Iron ore will probably extend declines after falling back into a bear market on Monday as low-cost supplies from Australia and Brazil are set to expand further this half while demand stumbles in China.
Prices may drop toward $40 a metric ton, according to Clarksons Platou Securities Inc. A deepening slowdown in China’s steel industry and higher iron ore exports from the largest miners are weighing on prices, said Sanford C. Bernstein & Co.
Iron ore’s return to a bear market highlights that the same factors of surging supply and stalling demand growth, which dragged prices to a decade-low early April, remain at the forefront. Recent losses followed figures showing inventories in China rebounded, while exports in June from Australia’s Port Hedland were at a record. The Minerals Council of Australia on Tuesday defended local miners’ policy of adding output, saying cuts would be a failed strategy that would aid competitors.
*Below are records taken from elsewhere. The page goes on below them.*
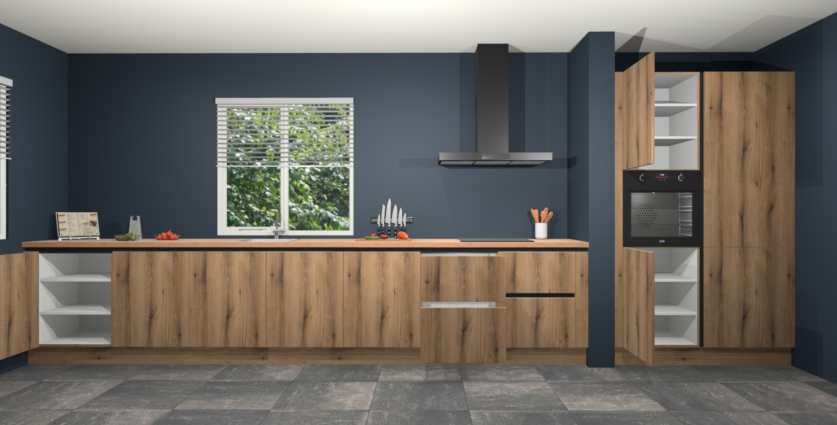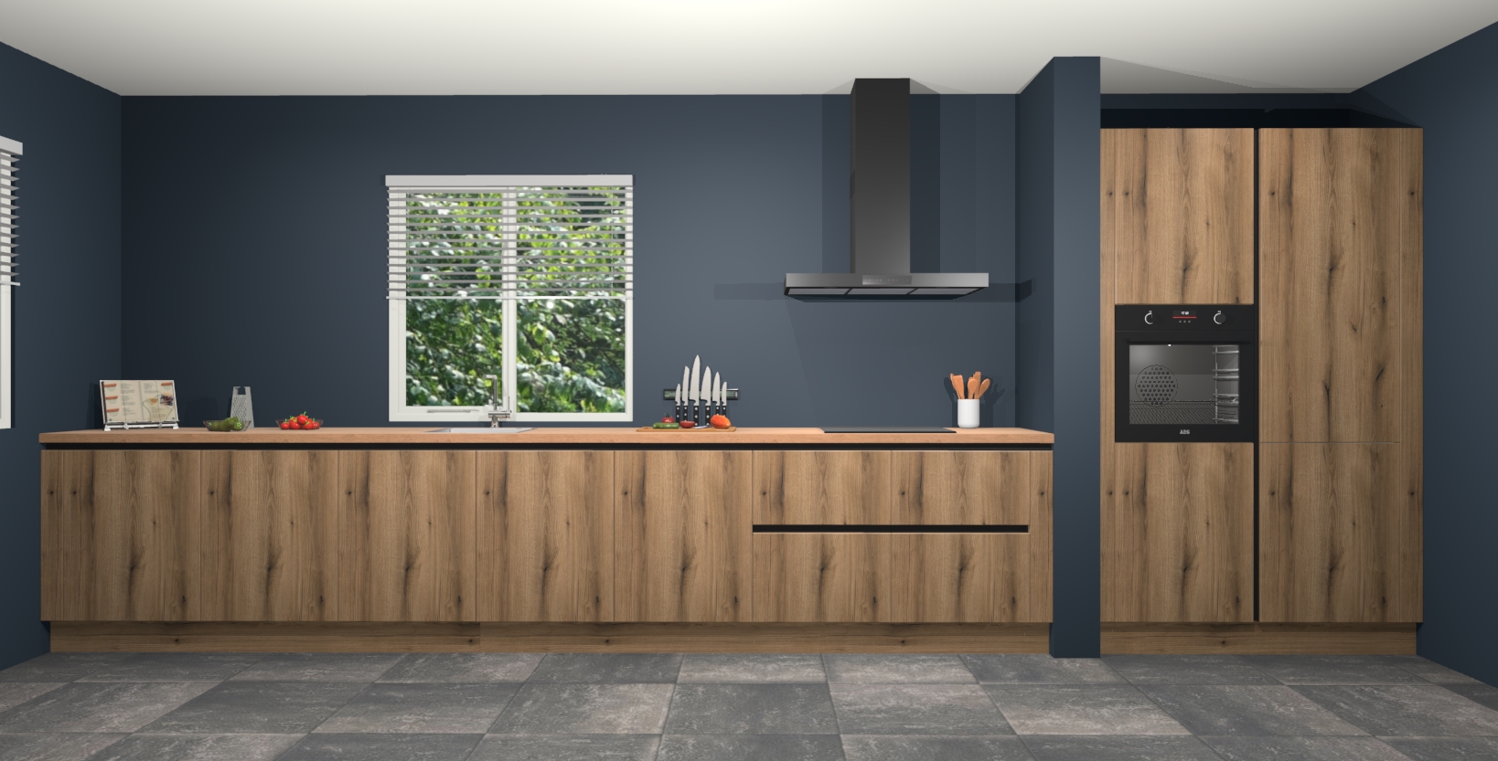 Maak kennis met de Goud eiken keuken Elzas - de perfecte aanvulling voor uw moderne keuken! Ervaar tijdloos design, elegantie en een chique uitstraling met onze handgrepen, soft-close deuren en veel opbergruimte. Dit alles wordt aangeboden tegen een vaste lage prijs voor ongeëvenaarde Duitse keukenkwaliteit!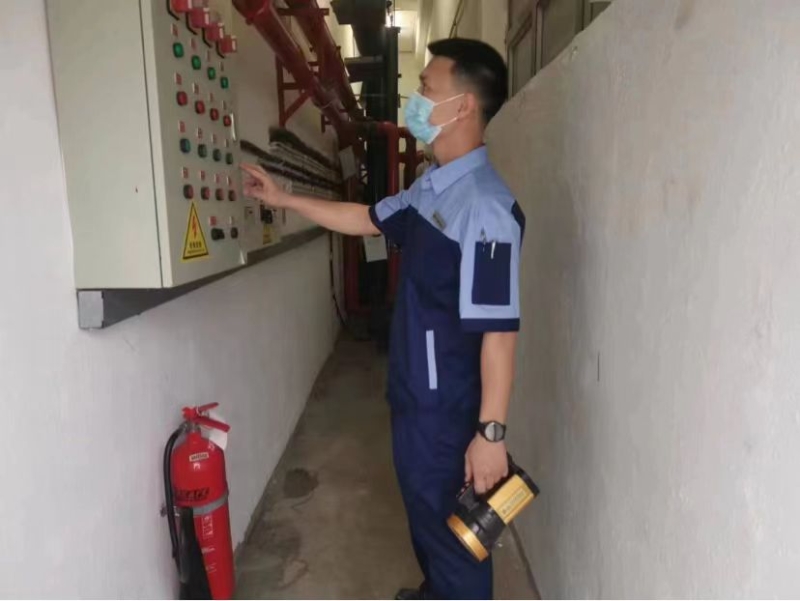 南光澳中旅下属酒店工程部员工例行检查酒店消防系统,以日复一日的坚守保障每位员工和住客的安全。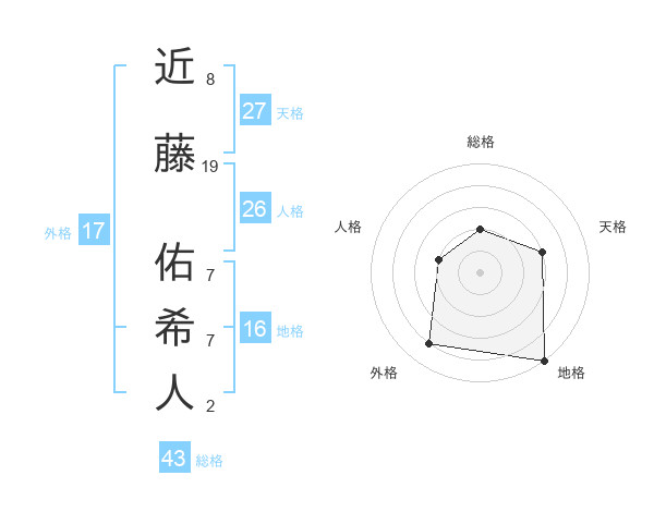 近藤 佑希人さんを姓名の画数から五運を鑑定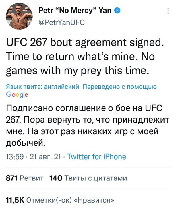 Известный боец смешанного стиля, уроженец Дудинки Пётр Ян объявил дату боя-реванша с американцем Алджамейном Стерлингом. Бой состоится 30 октября в Абу-Даби в рамках турнира UFC 267.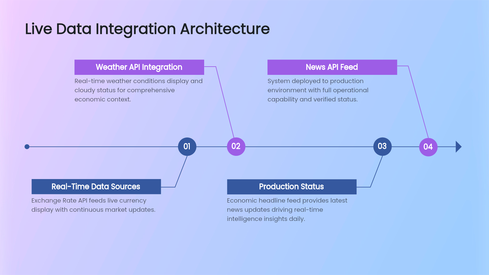 - Live data comes from ExchangeRate-API, Open-Meteo, and NewsAPI

“Momentum is clearly negative and that is going to be hard to reverse in the immediate short term,” Paul Gait, an analyst at Bernstein in London, said in an e-mailed response to questions. “The revealed preference of the miners is for volume over value, for tons ahead of price.”
Ore with 62 percent content delivered to Qingdao sank 5.4 percent to $52.28 a dry ton on Monday, according to Metal Bulletin Ltd. Prices slumped more than 20 percent from a high set on June 11, meeting the common definition of a bear market. They’d rebounded from the decade-low of $47.08 on April 2 after shipments missed expectations and port stockpiles fell.
‘Going Lower’
“In recent weeks, we have seen trade pick up,” said Jeremy Sussman, a mining analyst at Clarksons in New York. “If this continues, we think iron ore can continue going lower,” he said, reiterating a view that the price may slump to $40.
Futures on the Dalian Commodity Exchange plunged as much as 4.7 percent to 376 yuan ($60.56) a ton, the lowest price since April 13. Swaps for July settlement on the Singapore Exchange Ltd. dropped to $50.30 a ton on Monday, with contracts for later months trading below $50.
Even as prices drop, Australia’s biggest producers will generate more than A$615 billion ($460 billion) in revenue in the 10 years to 2024, surpassing the previous decade’s total, the minerals council said in a policy paper. Rio Tinto Group and BHP Billiton Ltd., the country’s biggest iron ore suppliers, are members of the group that represents the industry.
Iron ore’s slump vindicated forecasts from banks including Goldman Sachs Group Inc. and UBS Group AG for renewed declines, with Citigroup Inc. predicting prices will drop to less than $40 a ton in the final three months as supplies swell.